5 Story Mapping Anti-Patterns
Source: beliminal.com
Story Mapping can be a valuable planning exercise which can help prioritize work while centering the conversation on the customer. It can help a team align on an MVP, create releases, identify dependencies, prioritize stories, and generally lean out the product. It does this by bringing about a multitude of opinions and ideas in how to deliver value to the customer, and having a healthy discussion around the possibilities.
Having seen many story maps in the wild, I’ve compiled a list of 5 anti-patterns to avoid when using story maps.
Creating them in isolation
If one or two people are going away and creating a story map on their own and then presenting it to the team, it is sure to be an unmitigated disaster. There is a strong anchoring bias in these situations and the team will treat the story map as a concrete artifact rather than a pliable one. Even though the effort may be well-intentioned, the team will feel that the major decisions have already been made and that they’re being told what the plan is, not asked what it should be.
What to do instead: Create the story map from scratch with the full team present with the help of an experienced facilitator.
Creating a WBS instead
It is easy to fall into the trap of identifying the work you’re doing in a hierarchical format, and just label the hierarchies Themes, Epics and Stories. This is a big mistake because the story we are telling in a story map is about the user.
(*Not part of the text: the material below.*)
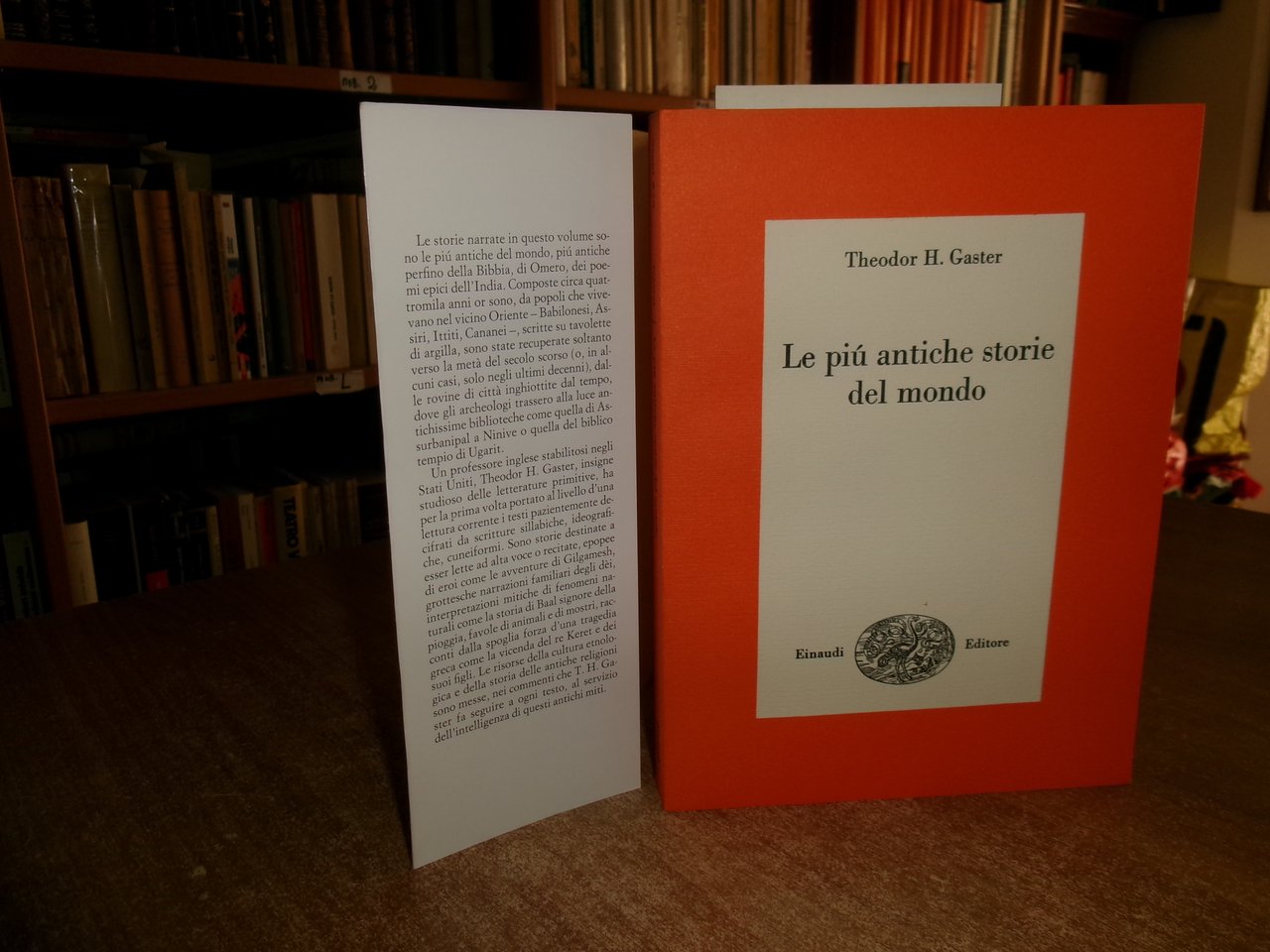 Theodor H. Gaster. Torino, Einaudi, 1973. Le più antiche storie del mondo. In-8°, br. con sovracopertina. 244 pp. con 10 tavole fuori testo. In ottimo stato di conservazione. Neg. mob. bianco cassa

It is from the user’s perspective that we have to look at the interactions, and then decide what work to do to enable that interaction. If we skip the part about centering on the user, then we are essentially creating a WBS. This may help us organize what needs to be done, but doesn’t help us see the customer value of the work we have to do since it is not tied to a user’s behavior. This also hurts prioritization as we have little context where the user impact of the work we’re doing can be discussed.
What to do instead: Start by identifying the users (or personas) of the product and outlining the main interactions you anticipate them having with the product. Then talk about what’s needed to enable those interactions. Then think about the simplest way to enable those interactions (i.e., your MVP).
Not cutting releases
One of the main benefits of using a story map is that it visualizes all the work to be done. However, we don’t want to actually do ALL the work but only the highest value work. Story mapping enables this by using horizontal lines to demarcate releases, i.e., groups of prioritized functionality that is sequentially delivered and aims to enable the customer interactions we want. Ultimately, we want to end up in a position where a lot of the work on the story map remains undone while delivering sufficient value through the work that was done. To do this we must incrementally deliver value, and without explicitly cutting releases it becomes a big bang approach*.
What to do instead: Identify the stories that you want to deliver first by carving out a release. While working on those stories, avoid working on anything below the release line.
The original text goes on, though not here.